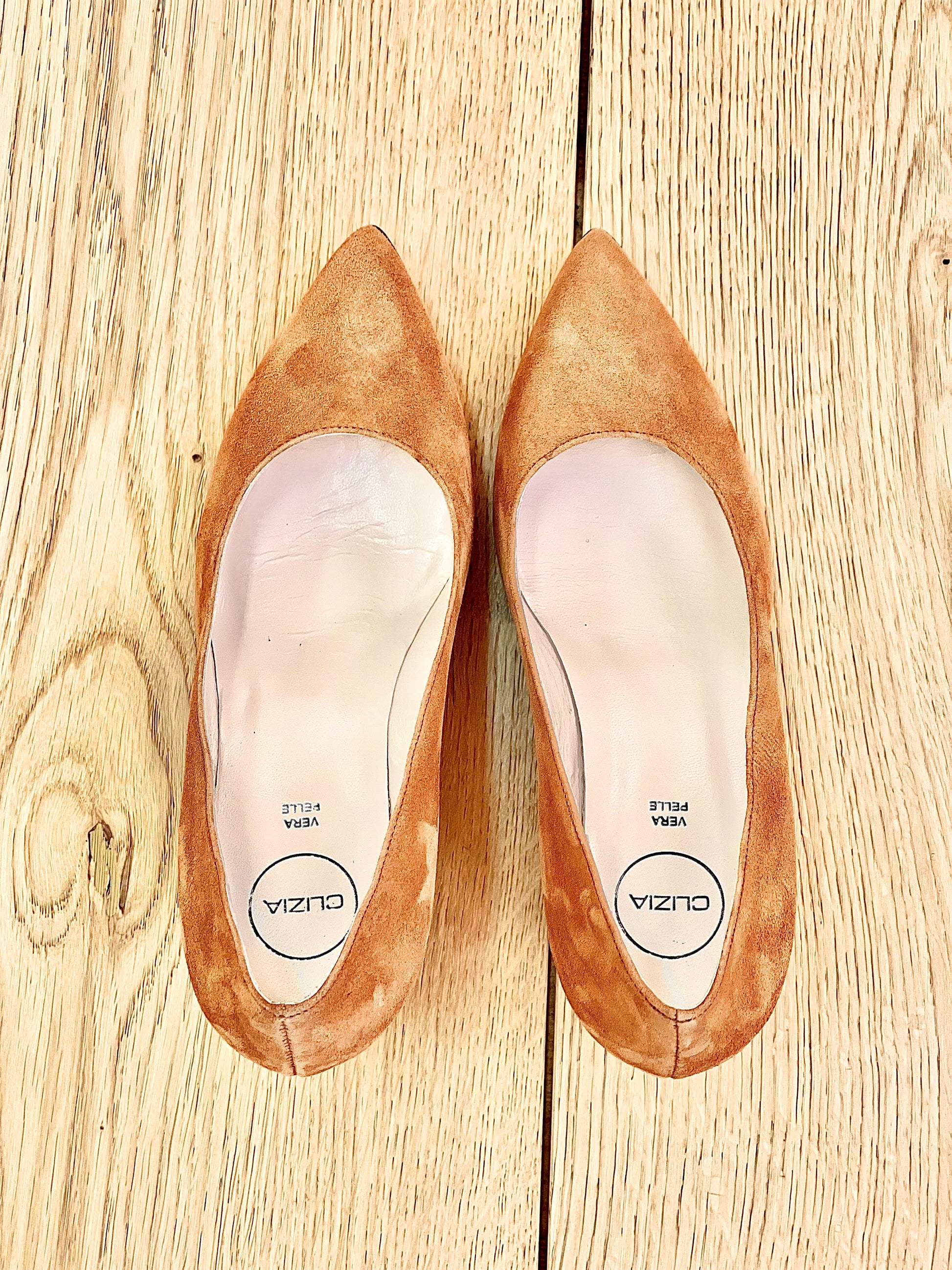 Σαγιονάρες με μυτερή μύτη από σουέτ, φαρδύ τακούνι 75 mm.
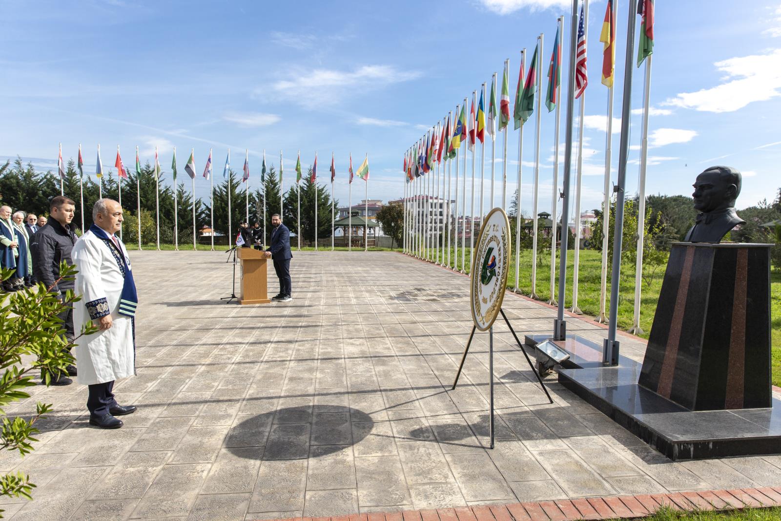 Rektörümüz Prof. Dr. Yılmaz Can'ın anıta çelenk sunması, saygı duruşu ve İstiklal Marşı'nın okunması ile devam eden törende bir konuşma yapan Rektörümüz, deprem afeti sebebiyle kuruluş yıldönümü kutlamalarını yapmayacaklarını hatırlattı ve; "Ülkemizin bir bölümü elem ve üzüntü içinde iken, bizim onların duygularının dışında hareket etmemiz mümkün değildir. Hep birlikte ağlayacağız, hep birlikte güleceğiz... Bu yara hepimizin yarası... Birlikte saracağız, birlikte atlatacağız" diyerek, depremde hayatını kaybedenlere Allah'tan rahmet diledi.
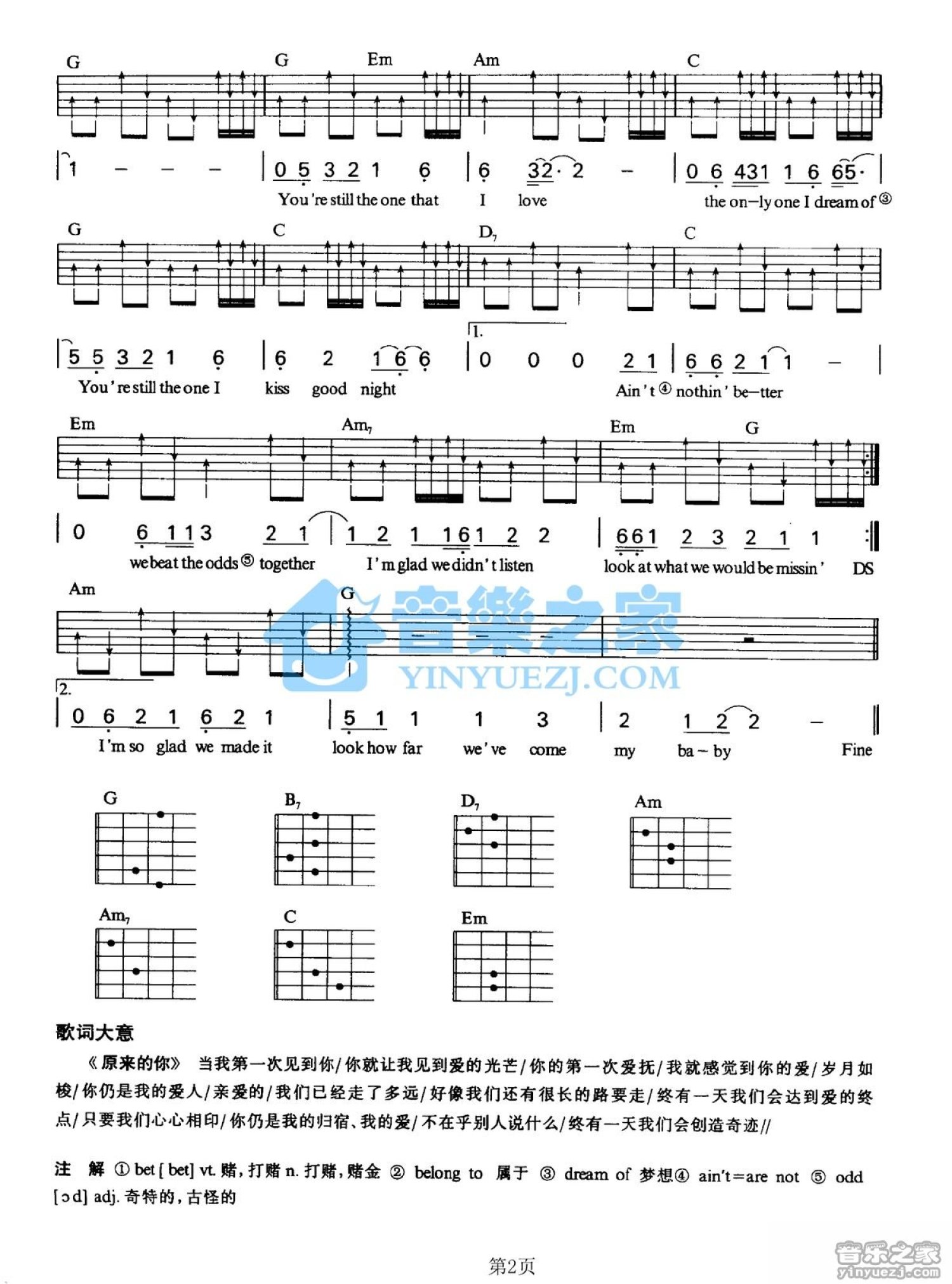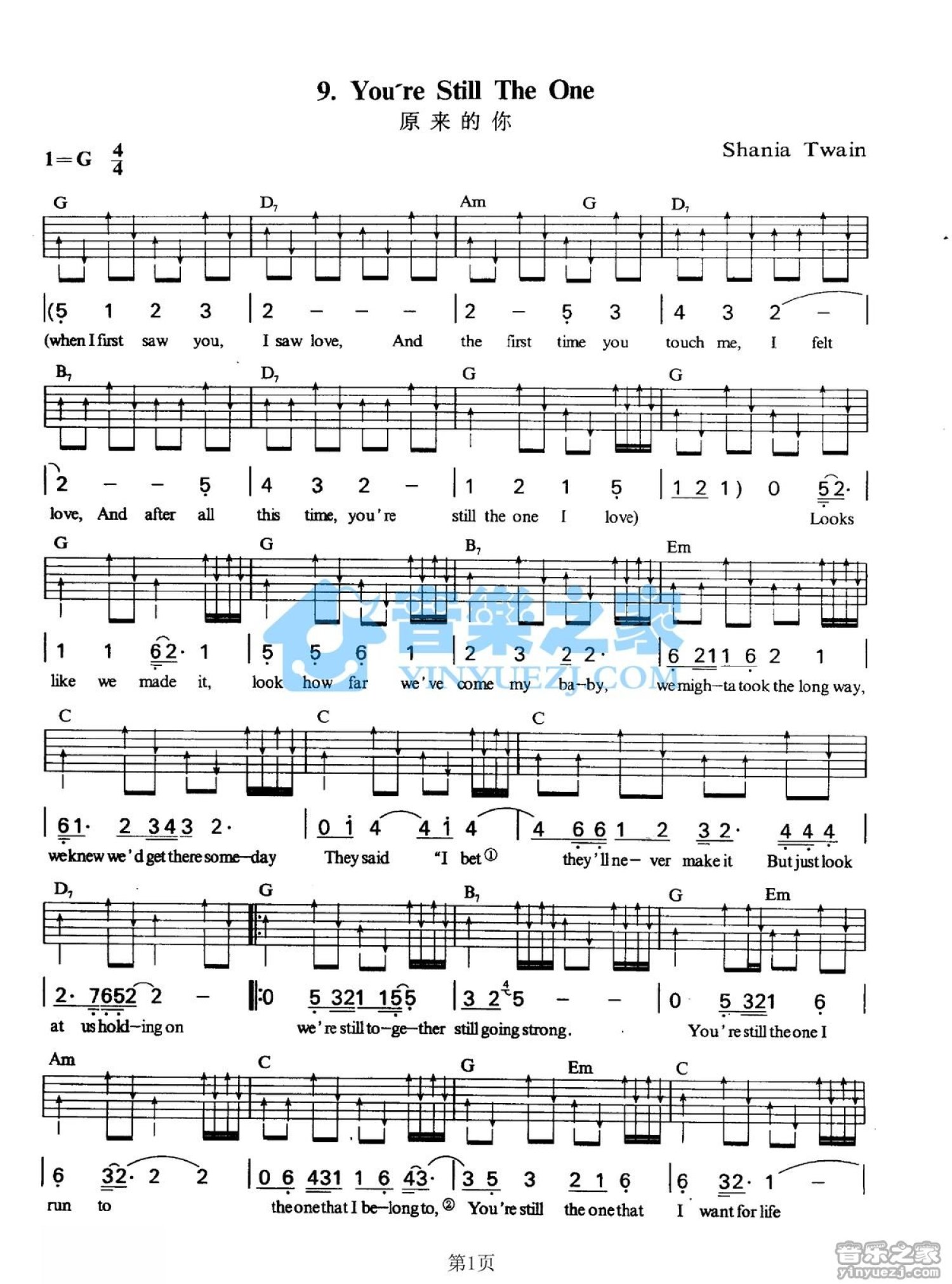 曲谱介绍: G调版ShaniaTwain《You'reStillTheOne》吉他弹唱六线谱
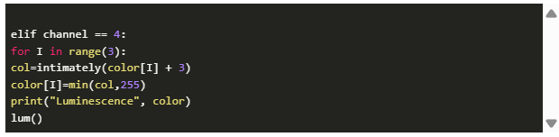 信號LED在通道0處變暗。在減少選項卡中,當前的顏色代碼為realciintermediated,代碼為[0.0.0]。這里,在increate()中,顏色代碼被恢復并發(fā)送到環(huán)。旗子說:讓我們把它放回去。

◆ ◆ ◆

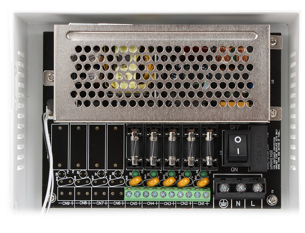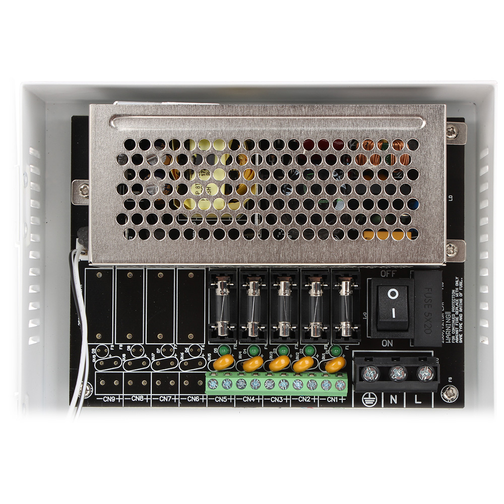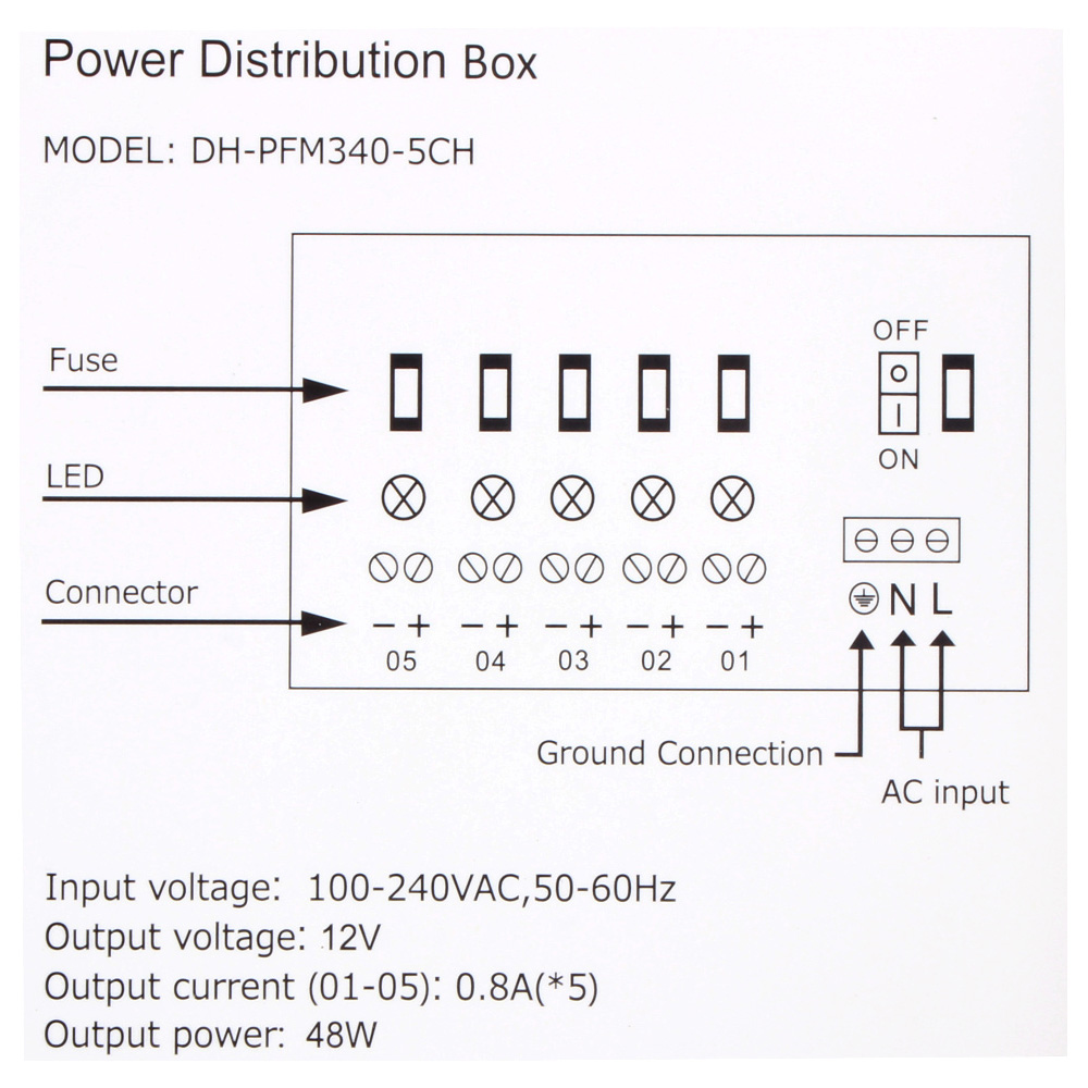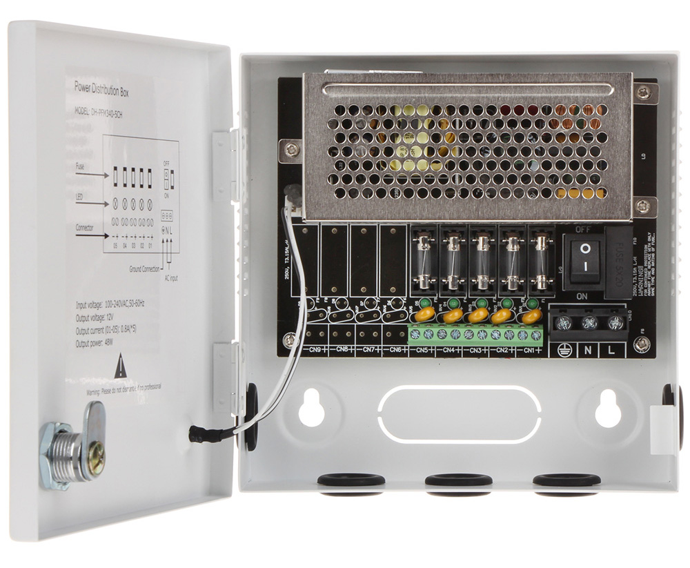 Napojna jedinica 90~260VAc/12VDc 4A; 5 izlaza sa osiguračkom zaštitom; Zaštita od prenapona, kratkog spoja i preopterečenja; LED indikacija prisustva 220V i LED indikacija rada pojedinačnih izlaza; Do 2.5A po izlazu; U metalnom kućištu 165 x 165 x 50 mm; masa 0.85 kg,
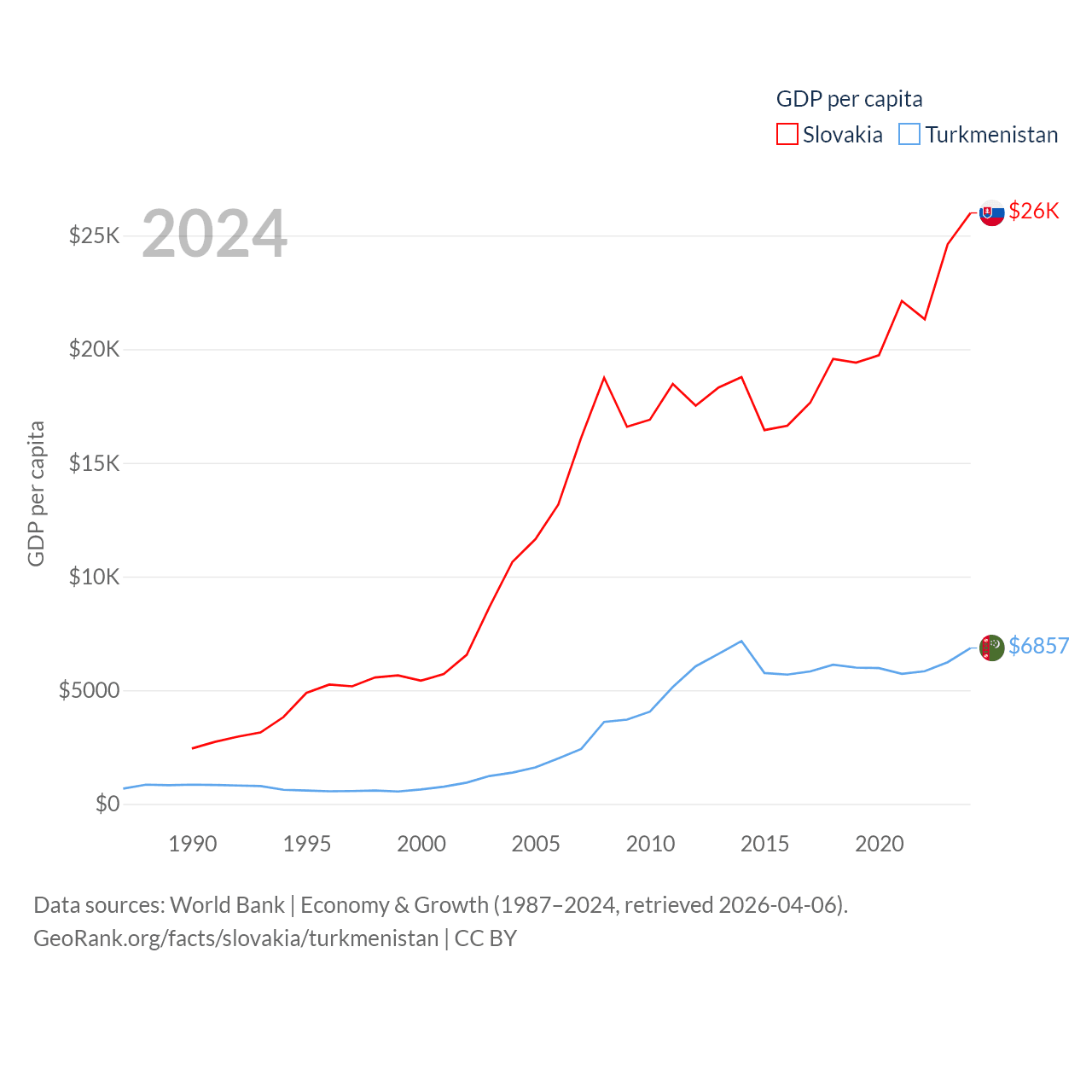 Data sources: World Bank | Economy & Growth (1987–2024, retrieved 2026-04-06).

◆ ◆ ◆

WORK INSTRUCTION ▸ Above, find the line holding "Napojna jedinica 90~260VAc/12VDc" and the line holding "Data sources: World". Print exactly those two lines and every line between them, but no pictures.

THE ANSWER ▸
 Napojna jedinica 90~260VAc/12VDc 4A; 5 izlaza sa osiguračkom zaštitom; Zaštita od prenapona, kratkog spoja i preopterečenja; LED indikacija prisustva 220V i LED indikacija rada pojedinačnih izlaza; Do 2.5A po izlazu; U metalnom kućištu 165 x 165 x 50 mm; masa 0.85 kg,
 Data sources: World Bank | Economy & Growth (1987–2024, retrieved 2026-04-06).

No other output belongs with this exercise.